(Material for the task)

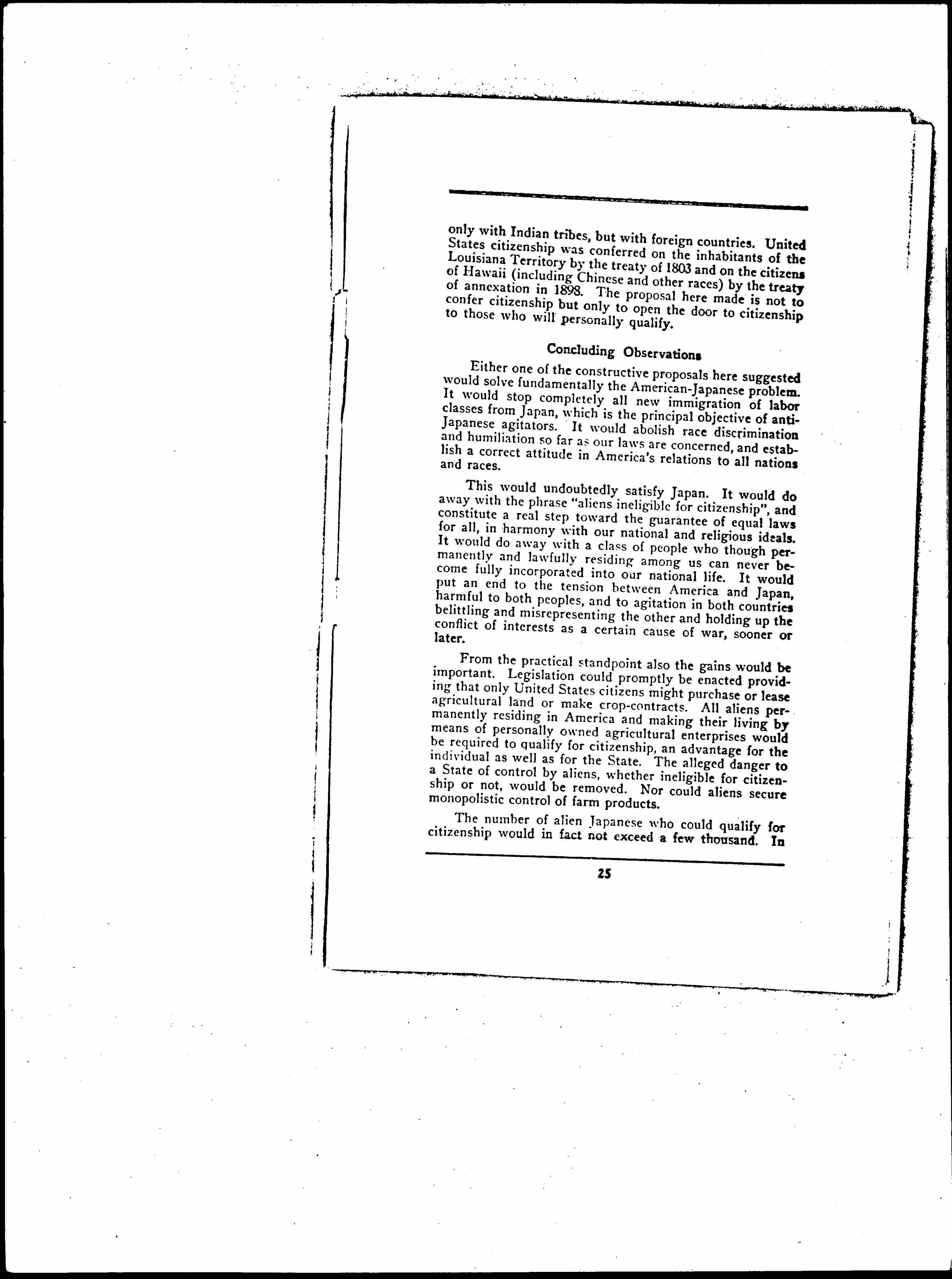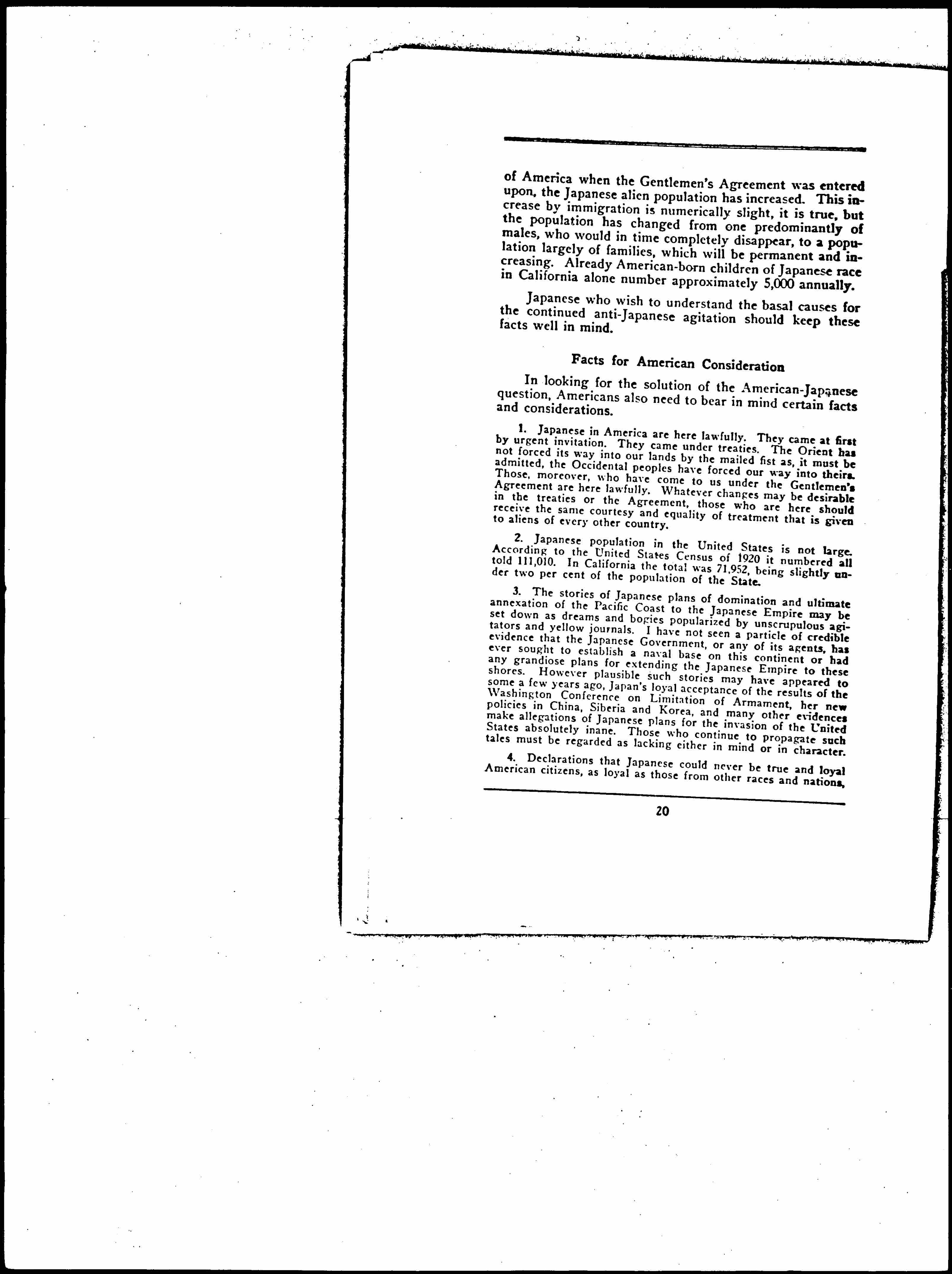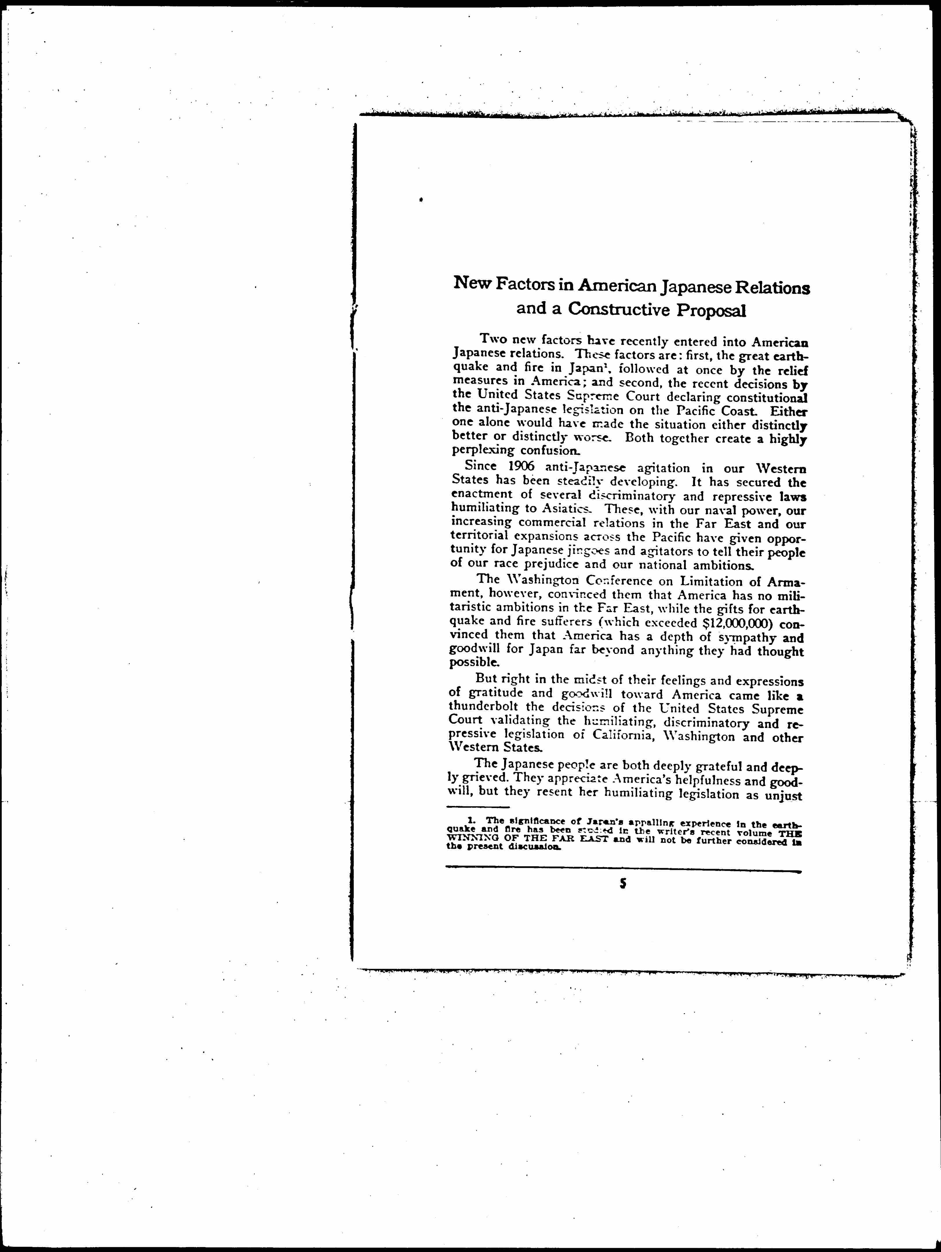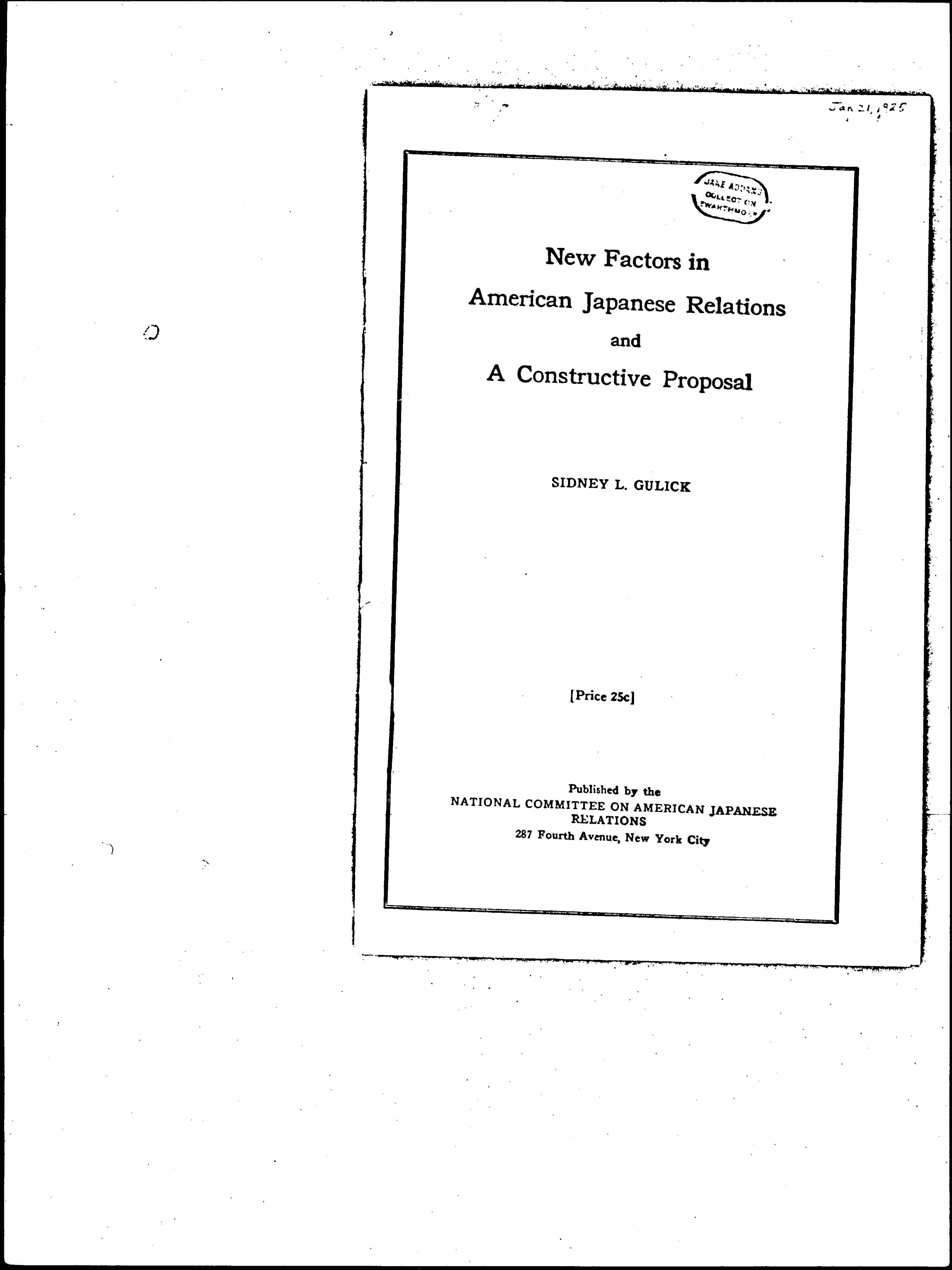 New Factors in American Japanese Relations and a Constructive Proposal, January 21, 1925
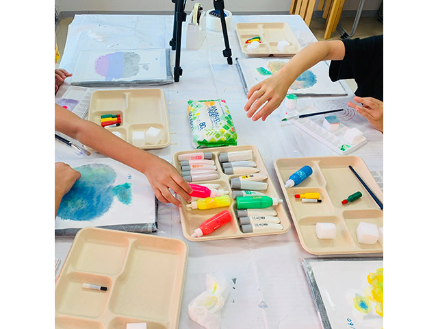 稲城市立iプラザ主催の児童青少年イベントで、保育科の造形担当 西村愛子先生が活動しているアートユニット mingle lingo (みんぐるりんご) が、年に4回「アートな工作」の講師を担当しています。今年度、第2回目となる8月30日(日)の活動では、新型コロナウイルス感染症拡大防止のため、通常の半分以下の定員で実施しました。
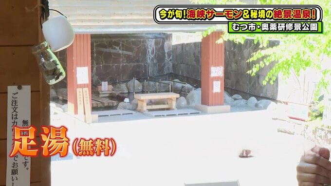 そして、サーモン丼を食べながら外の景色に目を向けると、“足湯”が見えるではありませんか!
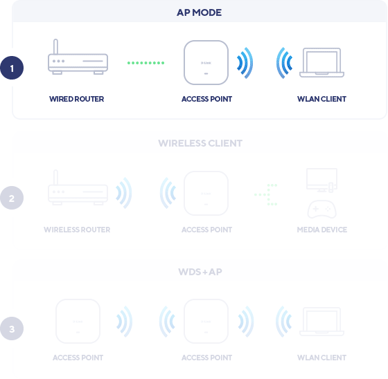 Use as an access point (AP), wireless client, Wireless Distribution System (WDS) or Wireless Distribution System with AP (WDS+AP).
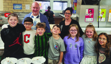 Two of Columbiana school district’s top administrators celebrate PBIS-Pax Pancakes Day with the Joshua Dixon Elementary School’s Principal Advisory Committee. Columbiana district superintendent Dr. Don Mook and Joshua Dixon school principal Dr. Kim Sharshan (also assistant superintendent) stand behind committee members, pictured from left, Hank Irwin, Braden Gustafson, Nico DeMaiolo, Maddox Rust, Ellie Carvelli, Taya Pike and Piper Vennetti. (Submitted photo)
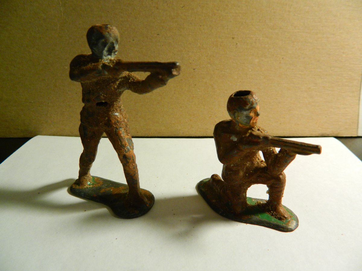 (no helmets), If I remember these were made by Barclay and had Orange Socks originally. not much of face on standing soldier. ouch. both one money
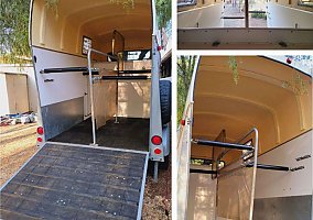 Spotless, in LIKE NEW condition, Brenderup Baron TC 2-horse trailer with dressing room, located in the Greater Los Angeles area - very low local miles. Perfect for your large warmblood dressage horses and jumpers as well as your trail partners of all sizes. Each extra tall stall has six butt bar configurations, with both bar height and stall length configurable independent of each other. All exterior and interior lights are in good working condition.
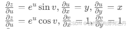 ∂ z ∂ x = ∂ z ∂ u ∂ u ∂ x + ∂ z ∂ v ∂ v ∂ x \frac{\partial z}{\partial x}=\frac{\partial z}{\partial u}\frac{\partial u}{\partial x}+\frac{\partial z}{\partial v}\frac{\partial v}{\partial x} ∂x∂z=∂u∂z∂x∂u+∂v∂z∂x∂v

(End Material for the task)

Your assignment
What is needed is an exact copy of the lines above, from the one holding "Two of Columbiana" down to the one holding "(no helmets), If", with those two included and the pictures left out.

Solution to this task
 Two of Columbiana school district’s top administrators celebrate PBIS-Pax Pancakes Day with the Joshua Dixon Elementary School’s Principal Advisory Committee. Columbiana district superintendent Dr. Don Mook and Joshua Dixon school principal Dr. Kim Sharshan (also assistant superintendent) stand behind committee members, pictured from left, Hank Irwin, Braden Gustafson, Nico DeMaiolo, Maddox Rust, Ellie Carvelli, Taya Pike and Piper Vennetti. (Submitted photo)
 (no helmets), If I remember these were made by Barclay and had Orange Socks originally. not much of face on standing soldier. ouch. both one money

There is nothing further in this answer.